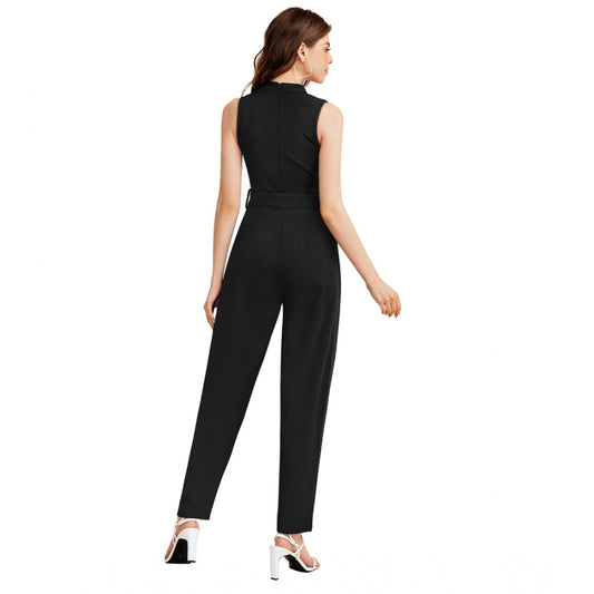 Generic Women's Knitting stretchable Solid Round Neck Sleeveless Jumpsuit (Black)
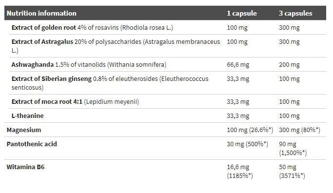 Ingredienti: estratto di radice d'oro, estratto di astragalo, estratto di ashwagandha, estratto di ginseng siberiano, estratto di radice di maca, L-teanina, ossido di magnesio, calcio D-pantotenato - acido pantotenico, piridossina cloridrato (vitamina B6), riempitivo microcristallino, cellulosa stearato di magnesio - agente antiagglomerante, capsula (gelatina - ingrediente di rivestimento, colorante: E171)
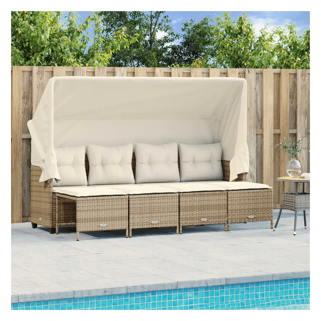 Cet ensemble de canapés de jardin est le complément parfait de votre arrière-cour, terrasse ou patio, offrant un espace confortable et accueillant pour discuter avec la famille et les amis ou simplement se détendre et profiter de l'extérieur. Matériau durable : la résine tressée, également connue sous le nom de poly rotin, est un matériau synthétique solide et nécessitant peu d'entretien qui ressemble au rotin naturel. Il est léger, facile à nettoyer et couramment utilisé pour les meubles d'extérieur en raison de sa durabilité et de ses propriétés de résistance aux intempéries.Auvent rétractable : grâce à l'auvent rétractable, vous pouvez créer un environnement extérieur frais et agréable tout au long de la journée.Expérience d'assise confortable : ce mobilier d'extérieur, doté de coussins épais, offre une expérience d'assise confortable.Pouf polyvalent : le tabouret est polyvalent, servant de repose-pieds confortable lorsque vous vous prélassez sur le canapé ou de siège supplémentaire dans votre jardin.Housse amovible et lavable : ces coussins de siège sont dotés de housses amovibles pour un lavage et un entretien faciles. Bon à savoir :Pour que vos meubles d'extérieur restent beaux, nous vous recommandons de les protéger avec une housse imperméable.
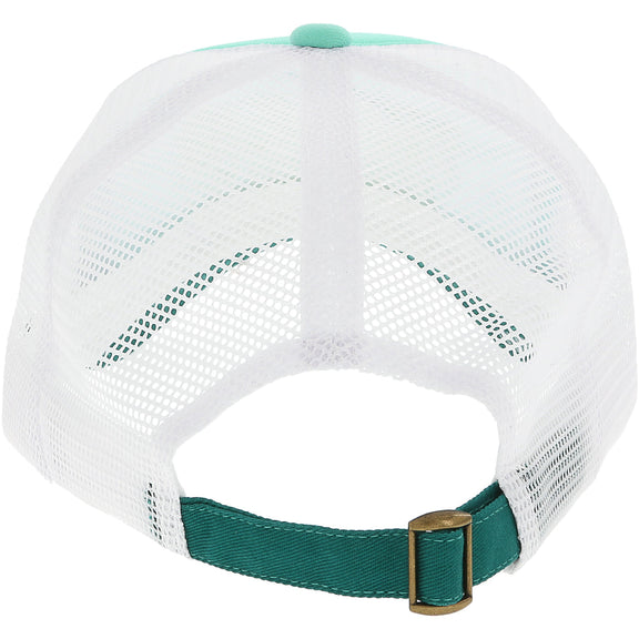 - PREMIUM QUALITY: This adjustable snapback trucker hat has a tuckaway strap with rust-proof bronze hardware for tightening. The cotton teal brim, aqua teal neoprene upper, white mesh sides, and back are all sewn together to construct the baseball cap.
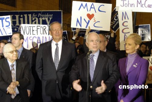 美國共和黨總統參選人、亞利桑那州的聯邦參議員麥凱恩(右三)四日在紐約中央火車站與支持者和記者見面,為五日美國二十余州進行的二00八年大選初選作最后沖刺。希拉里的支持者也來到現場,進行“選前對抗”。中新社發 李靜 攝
● ● ● ●
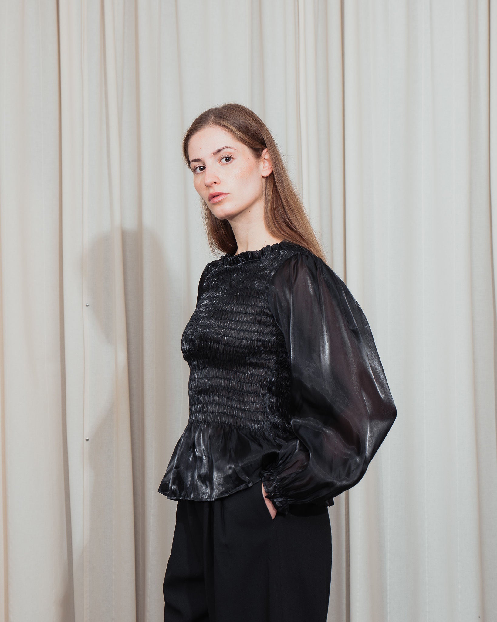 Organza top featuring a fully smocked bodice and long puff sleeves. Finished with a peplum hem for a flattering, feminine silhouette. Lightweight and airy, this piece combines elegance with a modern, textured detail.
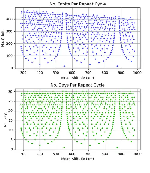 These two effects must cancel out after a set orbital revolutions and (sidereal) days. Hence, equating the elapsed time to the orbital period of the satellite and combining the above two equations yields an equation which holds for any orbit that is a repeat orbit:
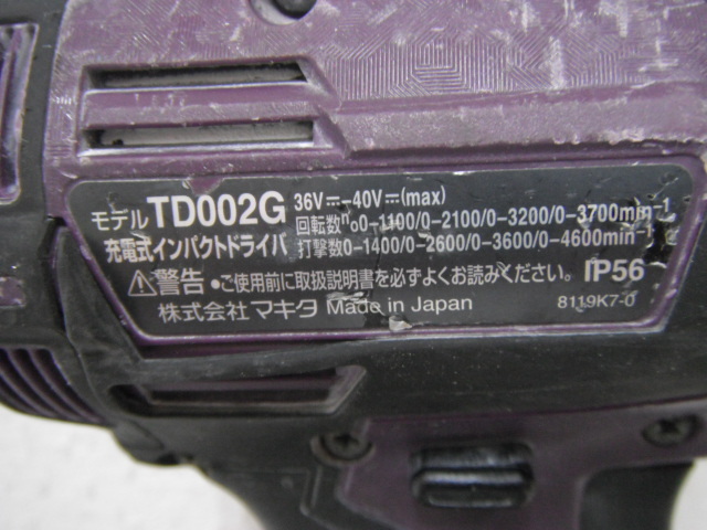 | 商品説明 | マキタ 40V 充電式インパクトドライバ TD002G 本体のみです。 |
● ● ● ●
▶ _THE TASK_:
Among the entries above, take the line with "Organza top featuring", the line with "TD002G 本体のみです。 |", and all the lines between them, and restate them word for word without pictures.

▶ _EXERCISE RESULT_:
 Organza top featuring a fully smocked bodice and long puff sleeves. Finished with a peplum hem for a flattering, feminine silhouette. Lightweight and airy, this piece combines elegance with a modern, textured detail.
 These two effects must cancel out after a set orbital revolutions and (sidereal) days. Hence, equating the elapsed time to the orbital period of the satellite and combining the above two equations yields an equation which holds for any orbit that is a repeat orbit:
 | 商品説明 | マキタ 40V 充電式インパクトドライバ TD002G 本体のみです。 |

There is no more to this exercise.